In the end -- in either case -- there's a great deal of debate among hunters and target shooters about what is optimal, and no two barrels are perfectly equal anyway, so a great barrel in a great rifle may outshoot any number of shorter, stiffer, thicker, (whatever-er) barrels which should, on paper, beat it.

That's what makes all of this so much fun -- there's no perfect one way to do it, and in the end, shooter skill is the final (very) wild card that can make an average barrel look great, or a great barrel look like a dud.

helotaxi
December 9, 2012, 11:39 AM
For a hunting rifle there is no practical difference in accuracy between a short barrel and a long barrel. The lighter profile long barrel will start to open groups up when you fire an extended string of shots and it heats up, but with a hunting rifle, that's irrelevant. You're only going to fire one or two shots and all you care about is that the first shot shoots where you aim it. Barrel quality is all that matters there, length and weight have no bearing.
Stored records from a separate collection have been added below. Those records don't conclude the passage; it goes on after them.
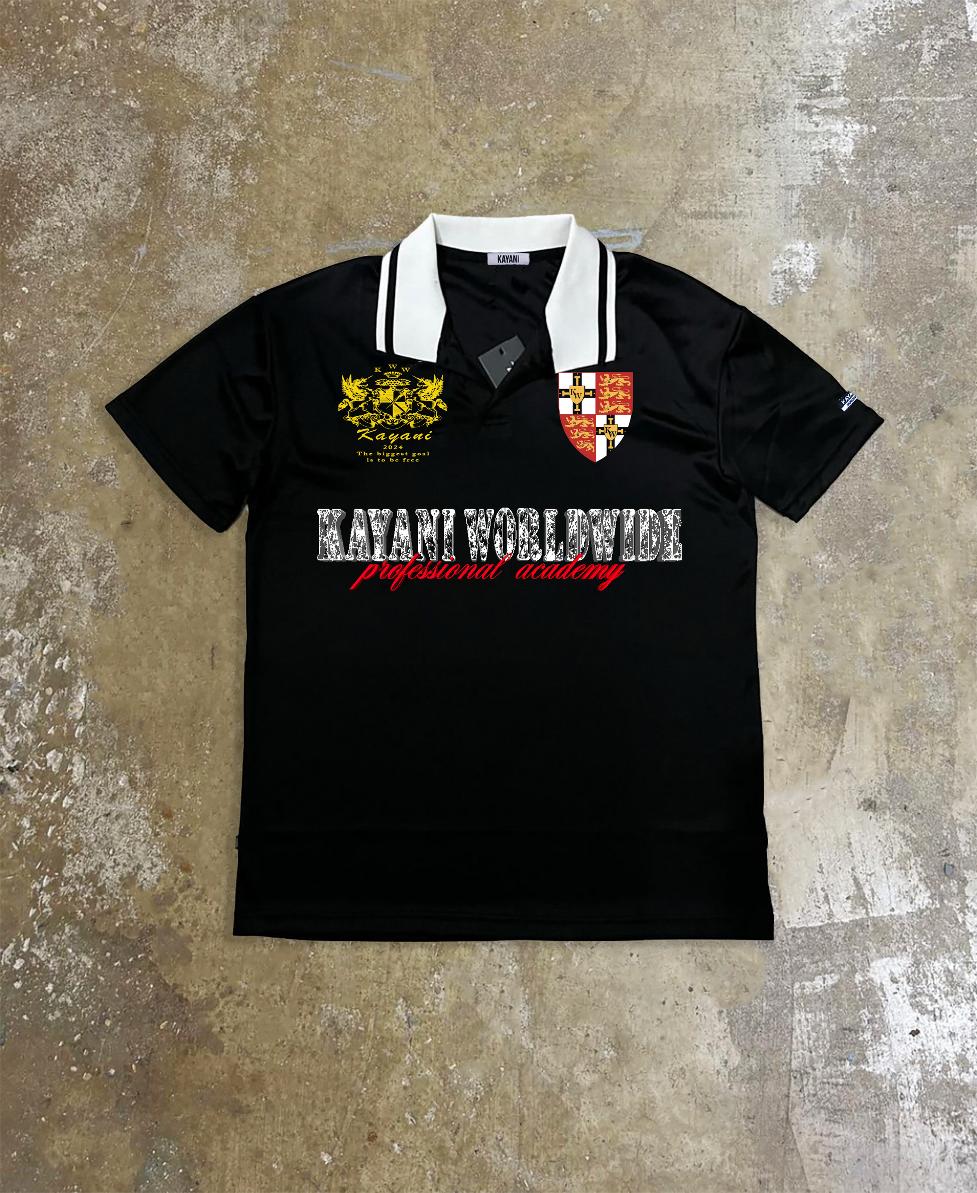 The Professional Academy Polo Jersey features a relaxed fit, sleek screen-printed design and adorned with Kayani Worldwide monogram emblems. Expertly crafted in Lagos, Nigeria for comfort and style, this polo offers a versatile look that effortlessly transitions from casual outings to professional environments depending on how you want to style it. Its quality fabric and distinctive branding embody sophistication and durability, making it a wardrobe essential for the fearless ones, as always God is our shield and $wag is our business.
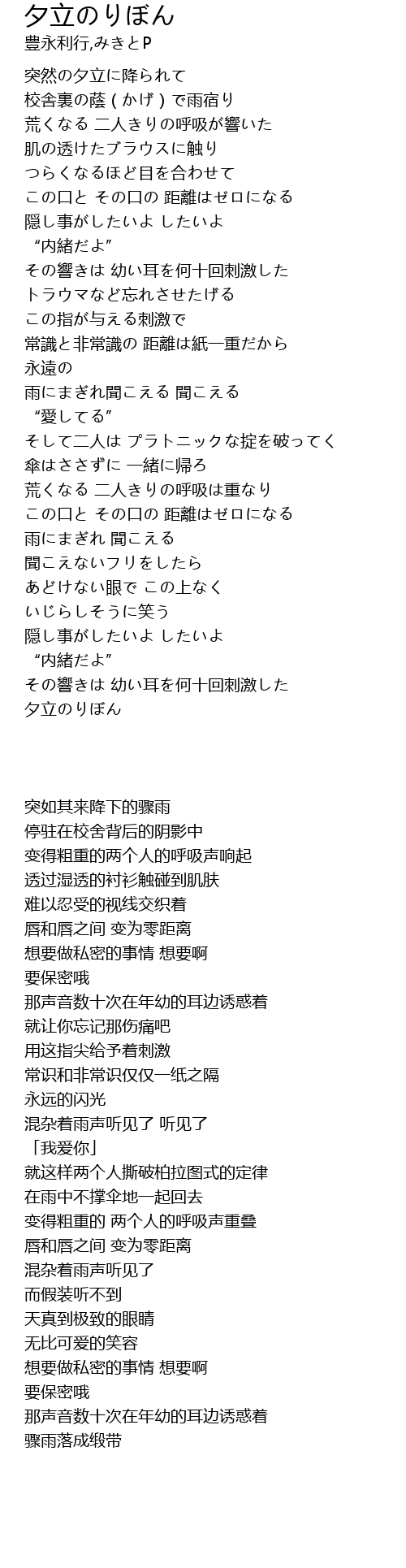 | [00:49.39] | この口と その口の 距離はゼロになる |
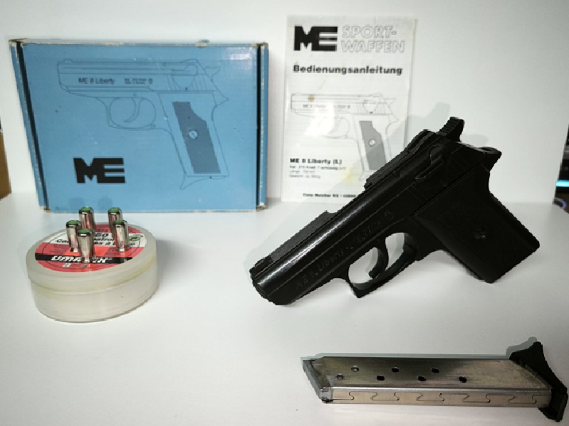 5 Patronen, der Abschussbecher, das Magazin, eine Anleitung
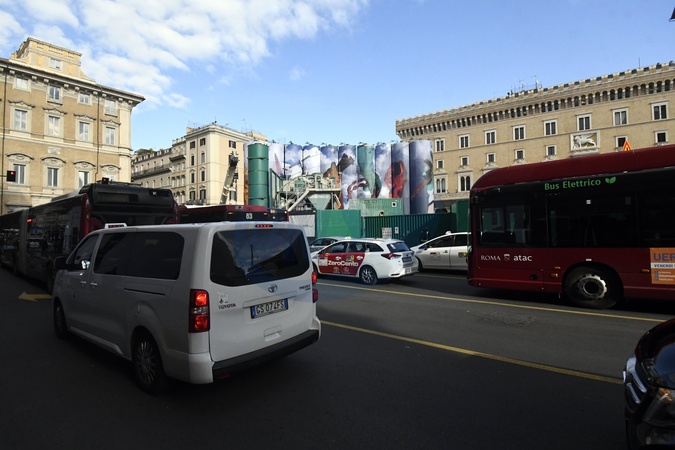 The third work in the artistic project "Murales. Contemporary Art in the Metro" is on display at the Stazione Venezia construction site. The new work is "Tools," by Elisabetta Benassi. Rome, December 5th, 2025, Credit:Mimmo Frassineti/AGF / Avalon
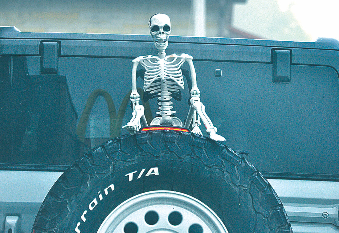 A skeleton hitches a ride on the spare tire of a Ford Bronco as it makes its way through the drive-through of the McConnelsville McDonalds recently. If you have a recent photo that showcases the beauty of the Mid-Ohio Valley, submit it to Art Smith at asmith@mariettatimes.com for possible inclusion on this page. See more photos at Instagram.com/mariettatimes.
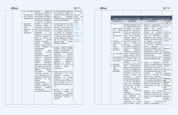Resuelve problemas en los que modela características de objetos con formas geométricas compuestas , cuerpos de revolución , sus elementos y propiedades , líneas , puntos notables , relaciones métricas de triángulos , distancia entre dos puntos , ecuación de la recta y parábola ; la ubicación , distancias inaccesibles , movimiento y trayectorias complejas de objetos mediante coordenadas cartesianas , razones trigonométricas , mapas y planos a escala . Expresa su comprensión de la relación entre las medidas de los lados de un triángulo y sus proyecciones , la distinción entre trasformaciones geométricas que conservan la forma de aquellas que conservan las medidas de los objetos , y de cómo se generan cuerpos de revolución , usando construcciones con regla y compás . Clasifica polígonos y cuerpos geométricos según sus propiedades , reconociendo la inclusión de una clase en otra . Selecciona , combina y adapta variadas estrategias , procedimientos y recursos para determinar la longitud , perímetro , área o volumen de formas compuestas , así como construir mapas a escala ,
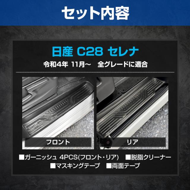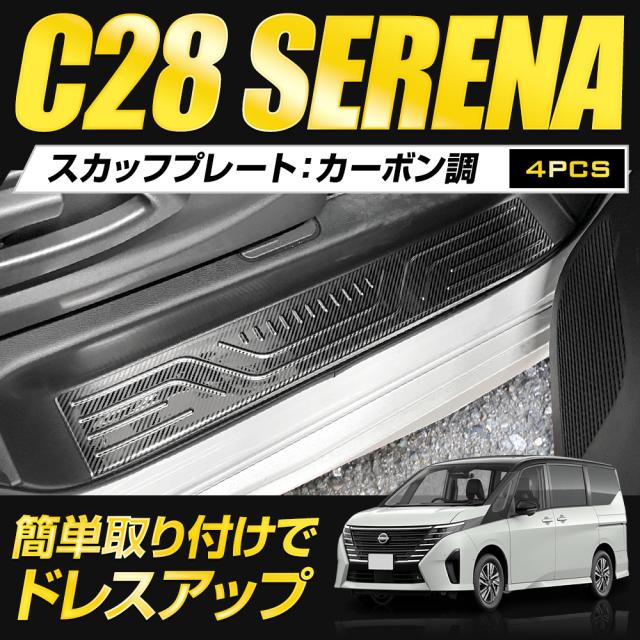 [対象商品タイムセール10%OFF]C28 セレナ 専用 スカッフプレート [4PCS] SERENA カーボン調 ガーニッシュ 送料無料 カスタム パーツ アクセサリー ドレスアップ 日産 NISSAN
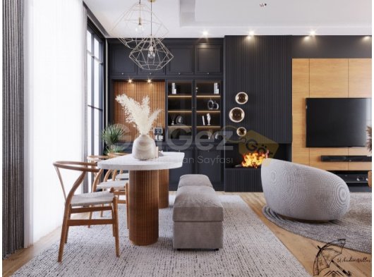 Şömineli, bahçeye açılan ferah oturma odası
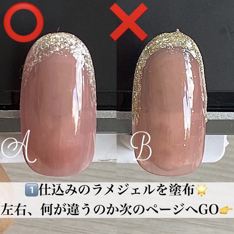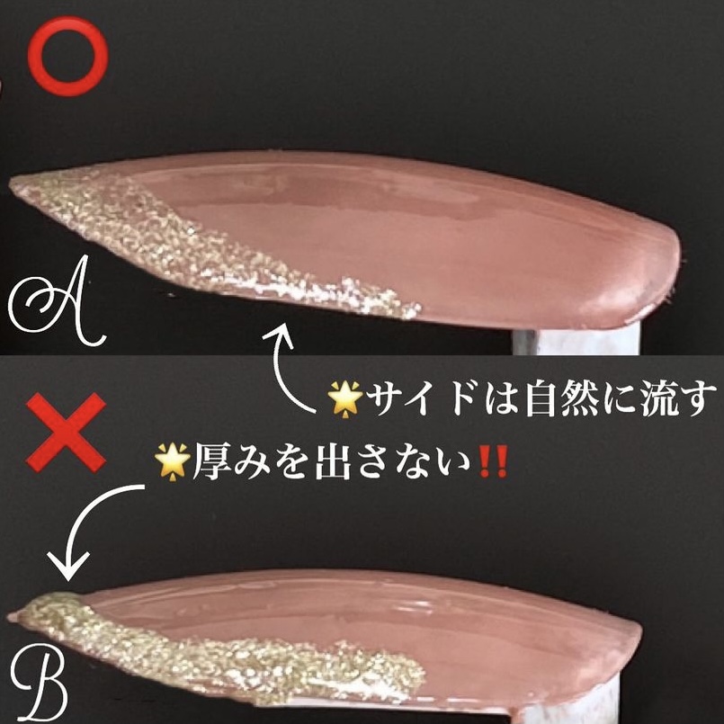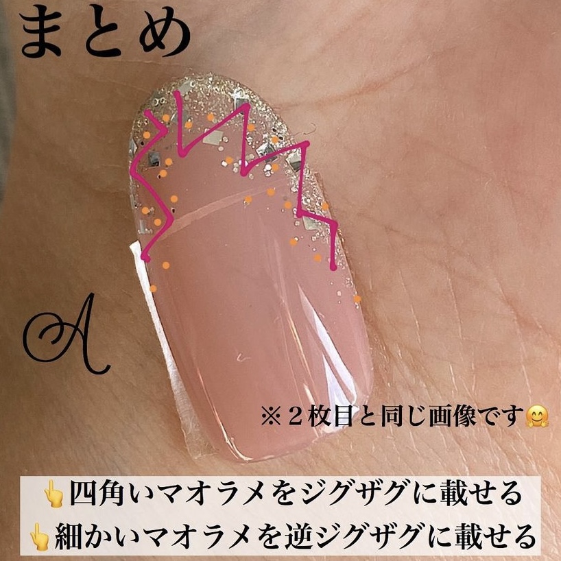 ③細かいラメを取り四角いマオラメとの境目に散らす
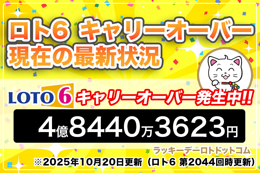 こんばんにゃん🐾 本日10月20日(月)に #ロト6 の抽選結果が出たにゃ😸🔴🔵 こちらのページで速報で抽選結果の当選番号もお知らせ中にゃ luckydayloto.com/loto6/newsflas… 次回予想に役立つデータも紹介してるにゃ😽✌ #ロト6速報 #ロト6当選番号速報
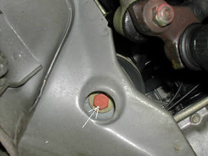 最初にエアークリーナーケース、エキパイのヒートシールド、更にエンジン前部のファンシュラウドを外します。 矢印は右のマウント 2面幅17mmボルト。締め付けトルクは55Nm
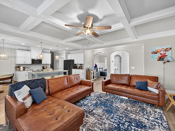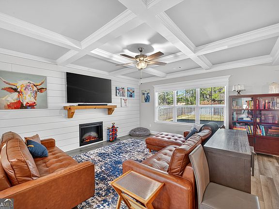 tep into a home designed to elevate everyday living. This 4-bedroom, 3-bath beauty delivers an open floor plan that seamlessly connects the main living spaces, all enhanced by durable LVP flooring. The kitchen is both stylish and functional with granite countertops, a tiled backsplash, and all appliances remaining for added value. The great room features a stunning shiplap accent wall surrounding the fireplace, setting the tone for warm gatherings. The oversized primary suite offers a true retreat with a generous sitting area and direct access to a huge walk-in closet located just off the spa-like bathroom. Enjoy dual vanities, a large tiled shower, and a relaxing garden tub. Secondary bedrooms are impressively spacious, offering plenty of flexibility. Outside, the fenced backyard becomes an extension of your living space with a covered patio and cozy outdoor fireplace that's perfect for year-round enjoyment. With a charming hardie board exterior and a large front porch, this home is ready to welcome you in.
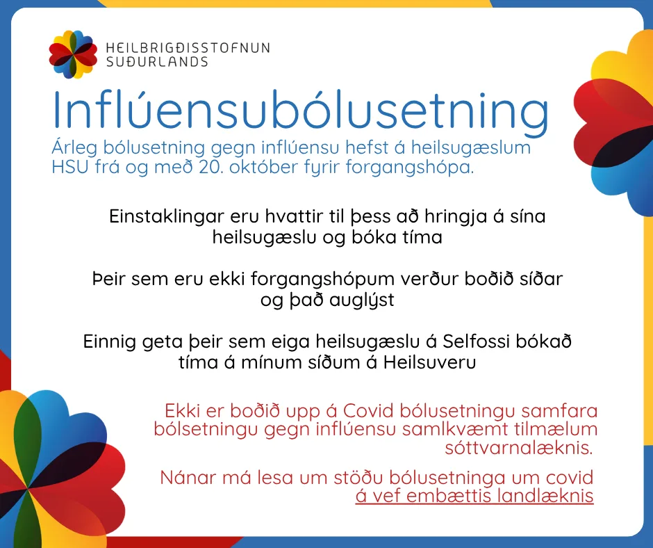 Árleg bólusetning gegn inflúensu hefst á heilsugæslum HSU frá og með 20. október fyrir forgangshópa.
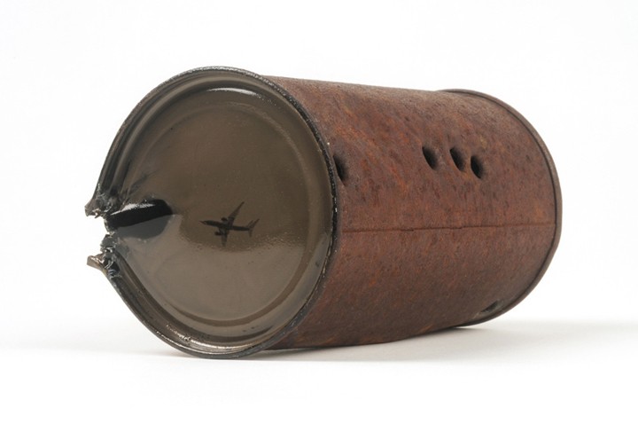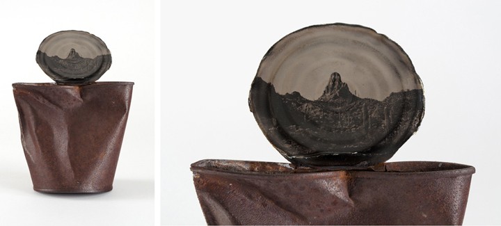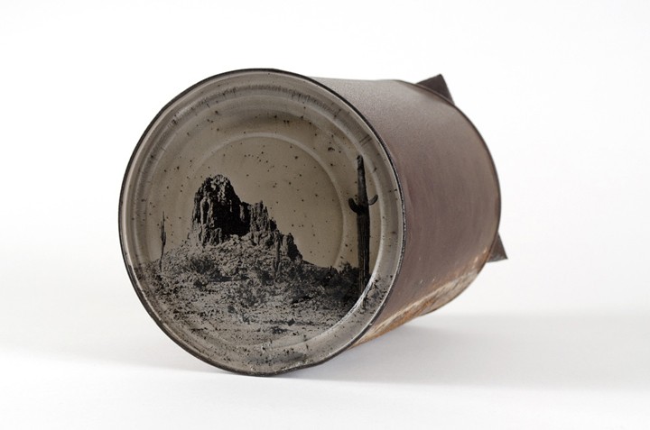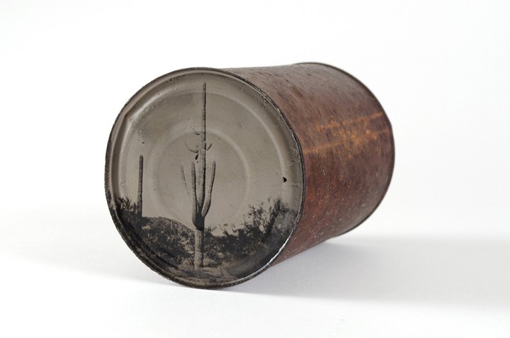 亞歷桑納州出身的攝影師大衛‧艾密特‧亞當斯(David Emitt Adams)將馬口鐵罐的底部做為底片,拍攝出獨一無二的照片。他的作品呈現了美國西部今昔的沙漠對比,因此,他將拍攝成品命名為「與歷史對話」。為了完成作品,亞當斯在沙漠中尋找完整的鐵罐,在他回收的鐵罐中,有些還是70年代生產的老鐵罐呢!當然,這些鐵罐在沙漠中接受大自然風吹日曬雨淋的鞭打,當然表面就佈滿了鞭打後產生的鏽痕與腐蝕樣貌。亞當斯認為這些鐵罐見證了時光的流逝,文化的變遷,同時也能讓人們緬懷過往時光。
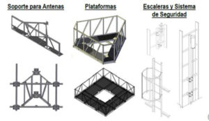 Guyed towers, small poles, antenna mounts, ladders and platforms
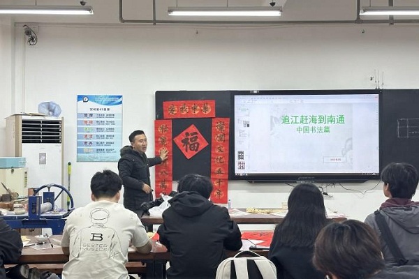 Singaporean students attend a calligraphy class at Nantong Vocational University. [Photo/chinadaily.com.cn]
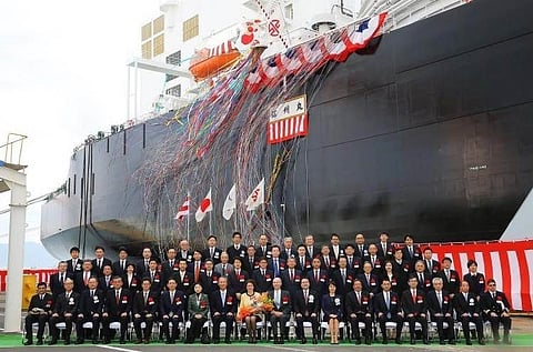 NYK Line has held a naming ceremony for a new LNG carrier being built by Kawasaki Heavy Industries and to be owned jointly with power generation provider JERA.
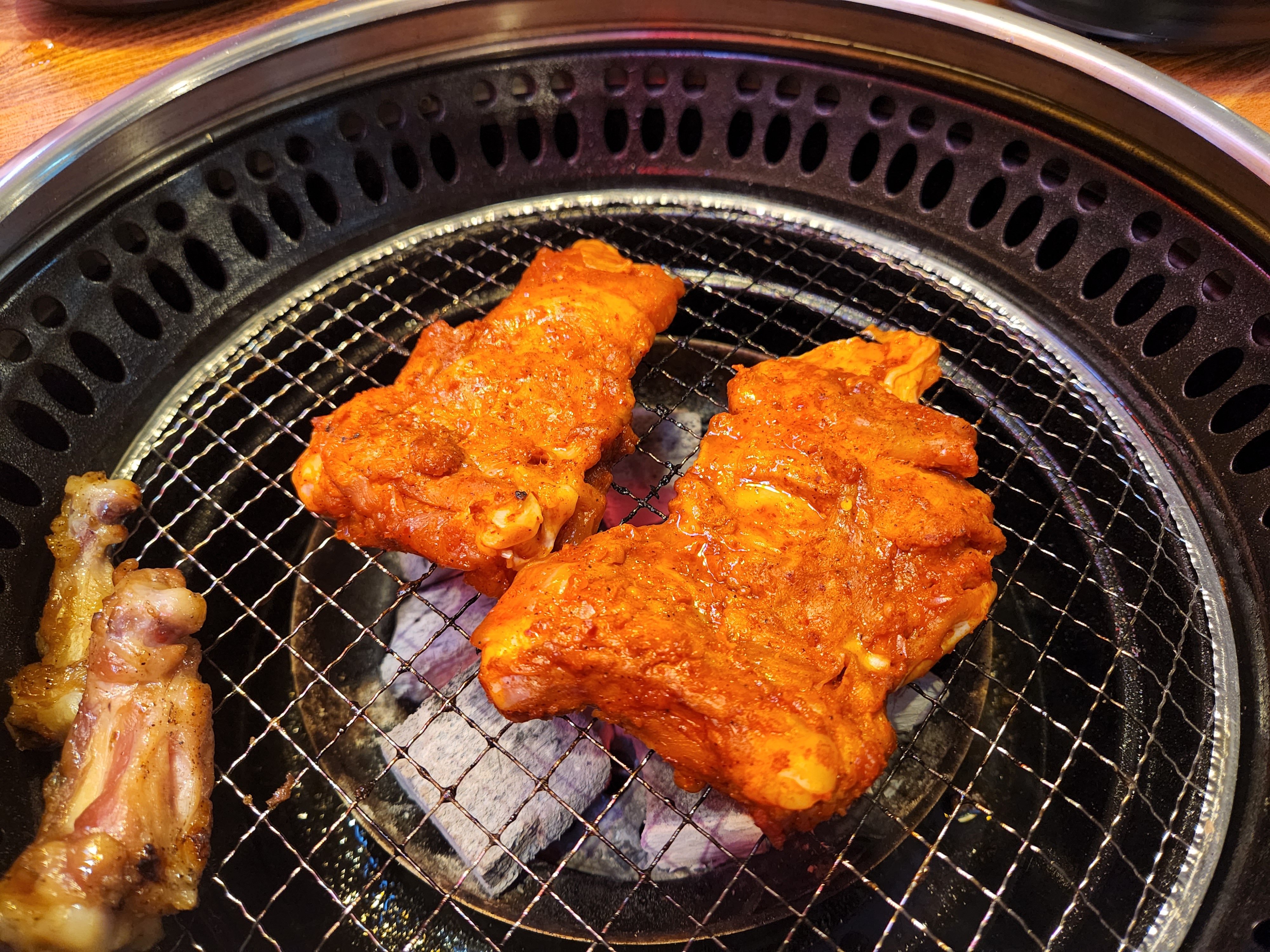 11. 불조절이 제대로 되지 않아서...고기가 탔음 ㅠㅠ 불조절 스킬이 필요해보였음. 양념을 제일 마지막에 먹었는데 그때서야 불이 알맞아졌음 ㅠㅠ 고기 굽기 난이도가 높음 ㅠㅠ
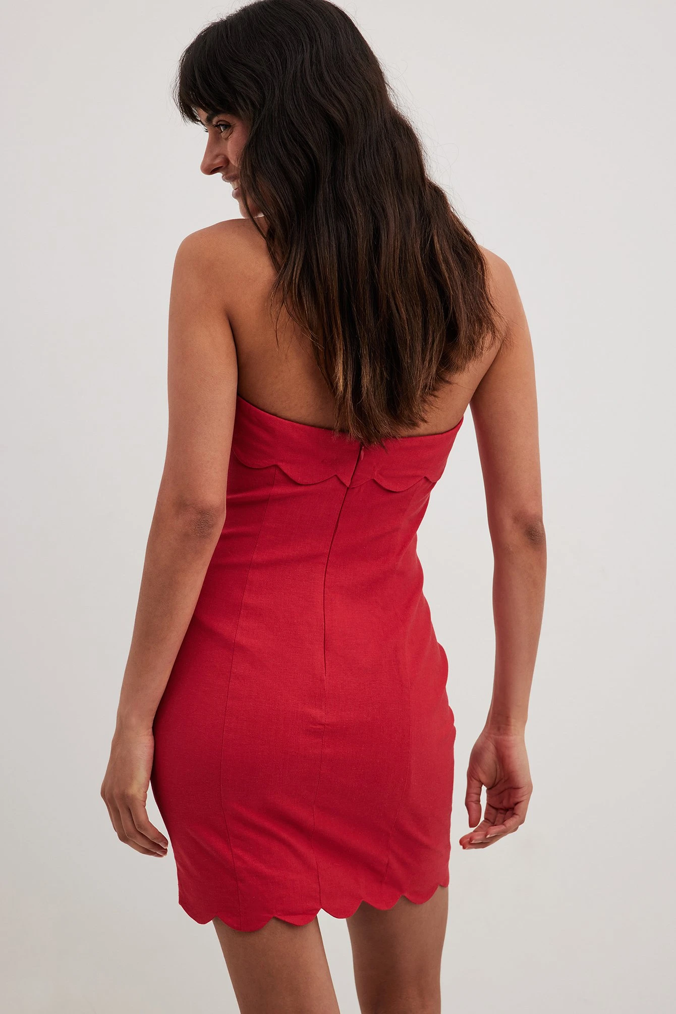 Cette robe courte a un design à bandeau. Elle a un design festonné aux ourlets et une fermeture éclair à l’arrière. Cette robe courte a une coupe moulante et une doublure.
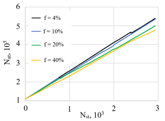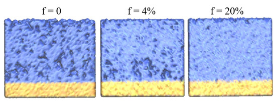 The dependence of the film growth rate on the fraction of the assisting ions is shown in Figure 5. As can be seen from the plots in Figure 5, the number of the deposited atoms increases linearly with number of the injection steps. An increase in the fraction of assisting ions f leads to the decrease of the growth rate. This effect is due to an increase in the number of atoms reflected from the substrate and film with an increase in f. In addition, atoms of the film can be sputtered by high-energy assisting ions, which also reduces the growth rate. This trend was observed earlier in the atomistic simulations of IAD [9]. Thus, an increase in f leads to the films’ densification, but their growth rate somewhat decreases.
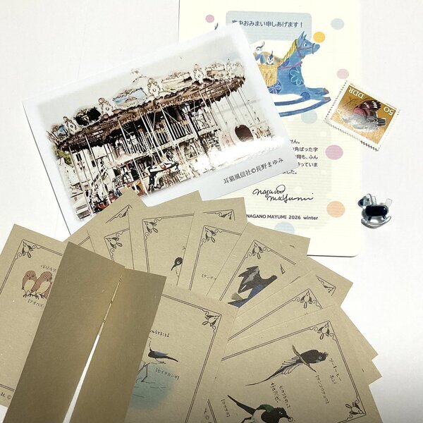 2026年、長野まゆみ描きおろしのポストカード(直筆サイン入り)と、海外の風景写真、鳥のミニカード(長野まゆみ・イラスト)、樹脂製ボタンとのセットです。

As for fluting, there is no debate among people that actually know what they're talking about. For a given weight, a fluted barrel will be stiffer than one that is not fluted because it will have a greater diameter. For a given diameter, the unfluted barrel will be stiffer because there is more material there to resist flexing. That's pure material science. Nothing to debate. From there what you want becomes merely personal preference. If you want a thick barrel but want to save some weight and are willing to sacrifice some stiffness, get the barrel fluted.

A muzzle brake is meant to reduce recoil on a heavy recoiling rifle so the shooter isn't as likely to develop a flinch or worry so much about recoil that they mess up the shot. They also have a place on moderate recoiling rifles that are shot a great deal in a session to reduce shooter fatigue and on light recoiling semi-auto competition rifles where they can control muzzle climb to allow for faster follow up shots. A 6.5 Swede bolt action hunting rifle falls into none of those categories. It has minimal recoil to mitigate and semi-auto speed follow up shots aren't needed. Don't bother with a brake.

WYOMan
December 9, 2012, 04:23 PM
I'd hunt with this if I could find one again for a reasonable price again.

WayBeau
December 10, 2012, 10:17 AM
Thanks Helo. That explanation of fluting vs. straight barrel makes sense.

So it really seems like it comes down to preference and getting to know the rifle/round combination.

While I do enjoy target shooting, there aren't any competitions in my future and I don't spend hours upon hours at the range. Most of my targets have fur and live in the woods. :D

mcdonl
December 10, 2012, 03:54 PM
Google for "Secrets of the Houston Warehouse". It's a worthwhile read about barrel lengths and accuracy

Art, given my brass preperation vs. those of Virgil King I am surprised I can even HIT a target at 100 yards let alone get any group.

I am struggling with which to replace first, scope of stock when I have some poor brass/bullet preperation to deal with too.

Thanks for introducing some of us new comers to the Houston Warehouse.

WayBeau
December 11, 2012, 11:31 AM
Thanks for introducing some of us new comers to the Houston Warehouse.

Yes, thank you. I read the article last night. It seems as though I need to get a 21.75" barrel. :D

Despite the fact that I'm not a target shooter, in the sense that I'm not trying to get those .025" groups, I found that article very enjoyable to read. It did make me wonder how much better my rifle could be if I had the time to put into hand loading and all of the other various aspects that affect how the rifle shoots. Maybe when the kiddos are a little older and don't require as much supervision.

mdauben
December 11, 2012, 12:11 PM
Just wondering what the shortest length you would go for a barrel is?
It depends on the cartridge in question. Some cartidges don't suffer too badly in shorter 18 or even 16 inch barrels while some high performance cartridges really need 24 or even 26 inch barrels to reach their full potential.

helotaxi
December 11, 2012, 04:35 PM
while some high performance cartridges really need 24 or even 26 inch barrels to reach their full potential.Or at least make them worth the bother. "Full potential" is such a vague qualifier. Even the lowly .223 doesn't reach its "full potential" until you're in the 40+" barrel range.